Beginning with the line containing "В Калининграде напротив" and going on through the line containing "横浜市の花がバラであることに", the lines below are to be returned exactly, pictures excluded and nothing added.

DATA TO EXAMINE:

++++

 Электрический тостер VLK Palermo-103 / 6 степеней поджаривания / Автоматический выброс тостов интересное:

++++

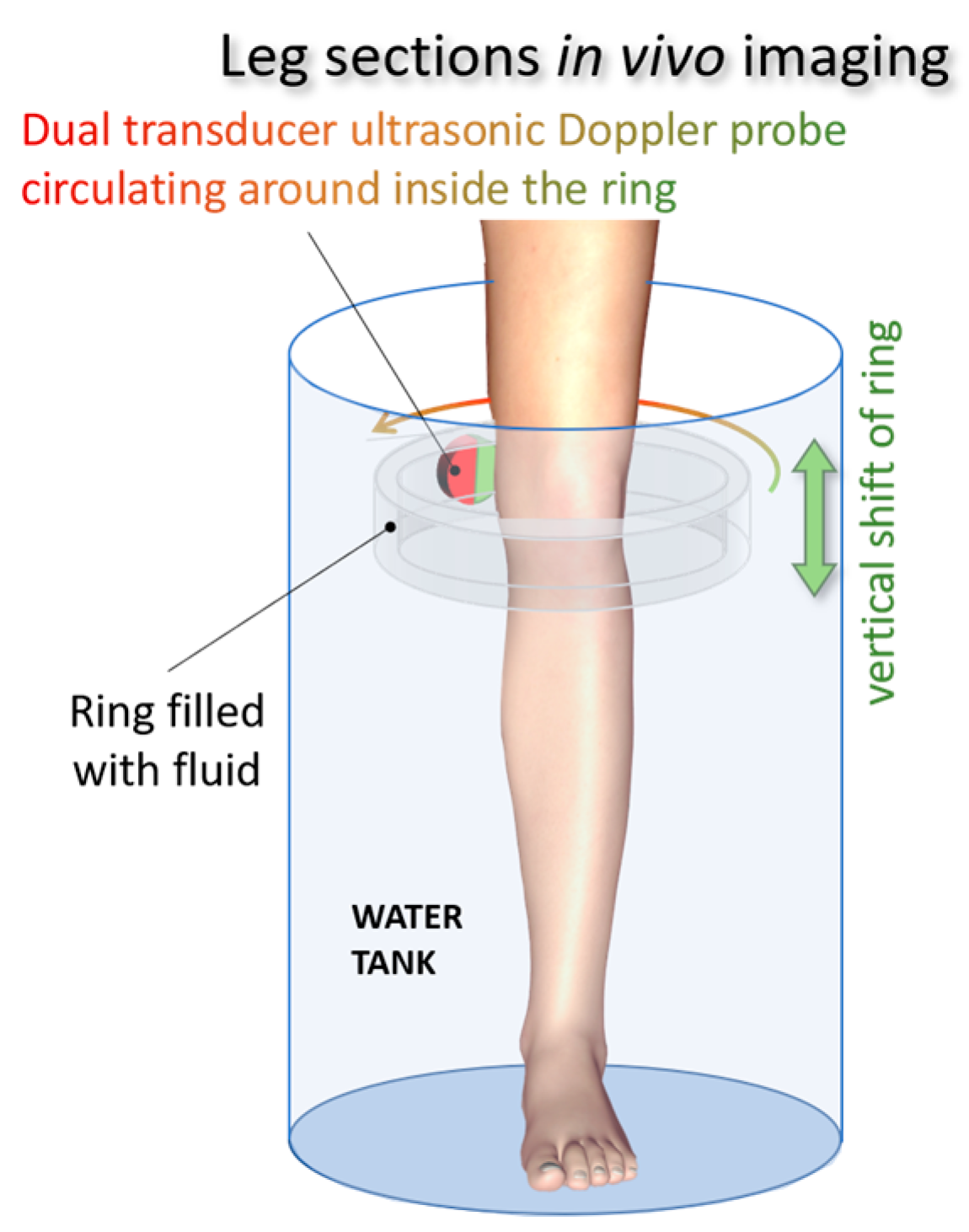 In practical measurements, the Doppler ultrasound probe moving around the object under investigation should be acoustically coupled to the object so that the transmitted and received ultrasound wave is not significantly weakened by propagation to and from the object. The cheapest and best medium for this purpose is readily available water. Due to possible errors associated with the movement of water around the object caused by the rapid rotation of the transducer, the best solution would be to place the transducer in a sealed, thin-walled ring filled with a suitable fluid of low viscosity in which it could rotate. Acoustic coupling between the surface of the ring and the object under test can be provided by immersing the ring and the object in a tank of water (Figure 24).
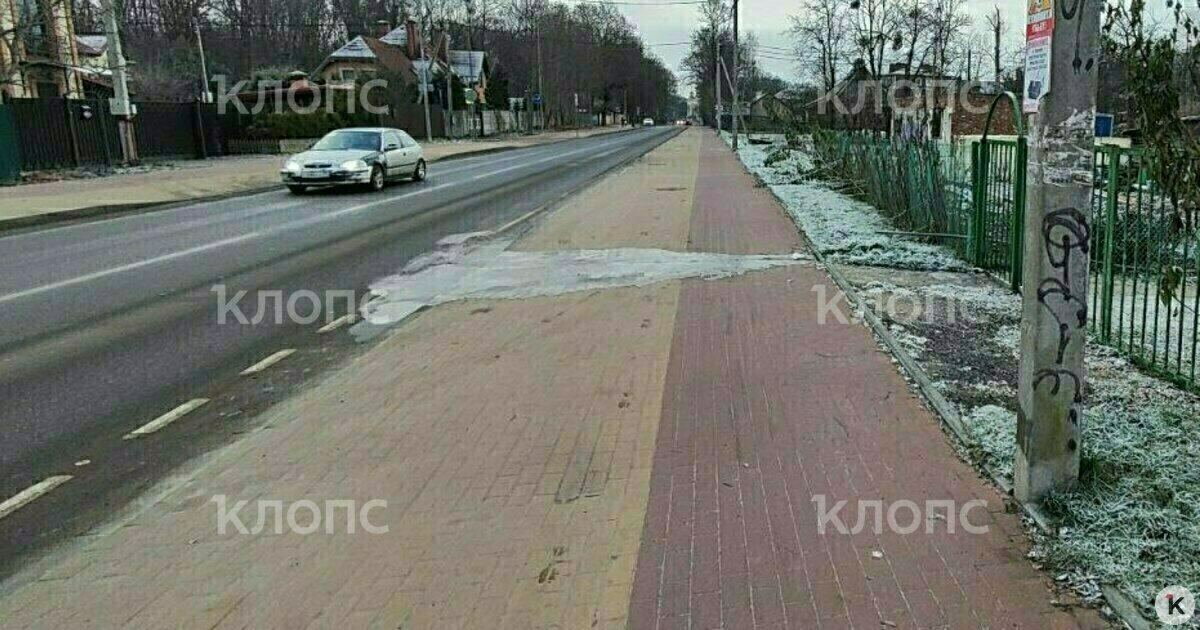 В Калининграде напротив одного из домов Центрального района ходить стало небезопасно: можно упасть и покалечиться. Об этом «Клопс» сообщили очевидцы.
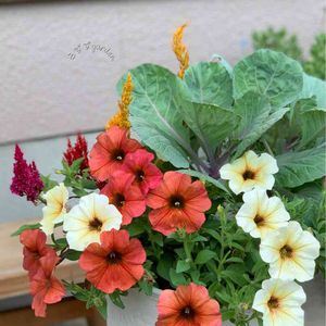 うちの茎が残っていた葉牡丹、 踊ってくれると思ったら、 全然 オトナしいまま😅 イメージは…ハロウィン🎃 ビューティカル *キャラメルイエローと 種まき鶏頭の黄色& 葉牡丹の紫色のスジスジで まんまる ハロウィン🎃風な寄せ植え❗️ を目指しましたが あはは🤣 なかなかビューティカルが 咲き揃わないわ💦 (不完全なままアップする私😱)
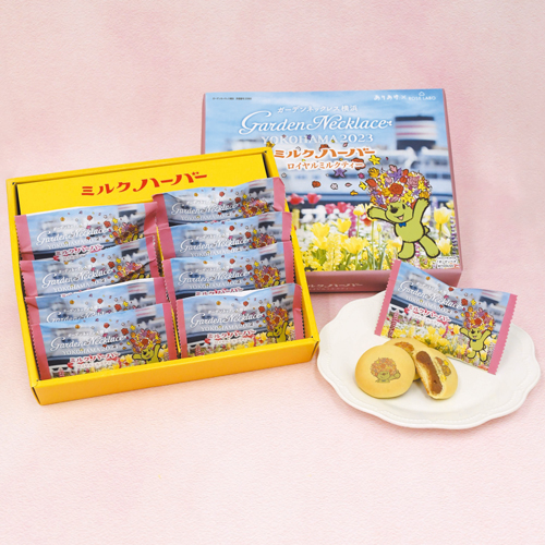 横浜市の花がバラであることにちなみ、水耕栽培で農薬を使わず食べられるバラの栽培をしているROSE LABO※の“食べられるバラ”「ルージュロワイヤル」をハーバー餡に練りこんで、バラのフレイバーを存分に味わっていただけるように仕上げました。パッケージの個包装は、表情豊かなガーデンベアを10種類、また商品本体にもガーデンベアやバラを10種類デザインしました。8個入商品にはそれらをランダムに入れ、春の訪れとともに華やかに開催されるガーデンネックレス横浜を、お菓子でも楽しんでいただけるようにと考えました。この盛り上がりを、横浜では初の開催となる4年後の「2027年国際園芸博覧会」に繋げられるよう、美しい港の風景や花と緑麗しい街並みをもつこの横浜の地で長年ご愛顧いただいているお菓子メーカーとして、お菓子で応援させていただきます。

++++

YOUR RESPONSE:
 В Калининграде напротив одного из домов Центрального района ходить стало небезопасно: можно упасть и покалечиться. Об этом «Клопс» сообщили очевидцы.
 うちの茎が残っていた葉牡丹、 踊ってくれると思ったら、 全然 オトナしいまま😅 イメージは…ハロウィン🎃 ビューティカル *キャラメルイエローと 種まき鶏頭の黄色& 葉牡丹の紫色のスジスジで まんまる ハロウィン🎃風な寄せ植え❗️ を目指しましたが あはは🤣 なかなかビューティカルが 咲き揃わないわ💦 (不完全なままアップする私😱)
 横浜市の花がバラであることにちなみ、水耕栽培で農薬を使わず食べられるバラの栽培をしているROSE LABO※の“食べられるバラ”「ルージュロワイヤル」をハーバー餡に練りこんで、バラのフレイバーを存分に味わっていただけるように仕上げました。パッケージの個包装は、表情豊かなガーデンベアを10種類、また商品本体にもガーデンベアやバラを10種類デザインしました。8個入商品にはそれらをランダムに入れ、春の訪れとともに華やかに開催されるガーデンネックレス横浜を、お菓子でも楽しんでいただけるようにと考えました。この盛り上がりを、横浜では初の開催となる4年後の「2027年国際園芸博覧会」に繋げられるよう、美しい港の風景や花と緑麗しい街並みをもつこの横浜の地で長年ご愛顧いただいているお菓子メーカーとして、お菓子で応援させていただきます。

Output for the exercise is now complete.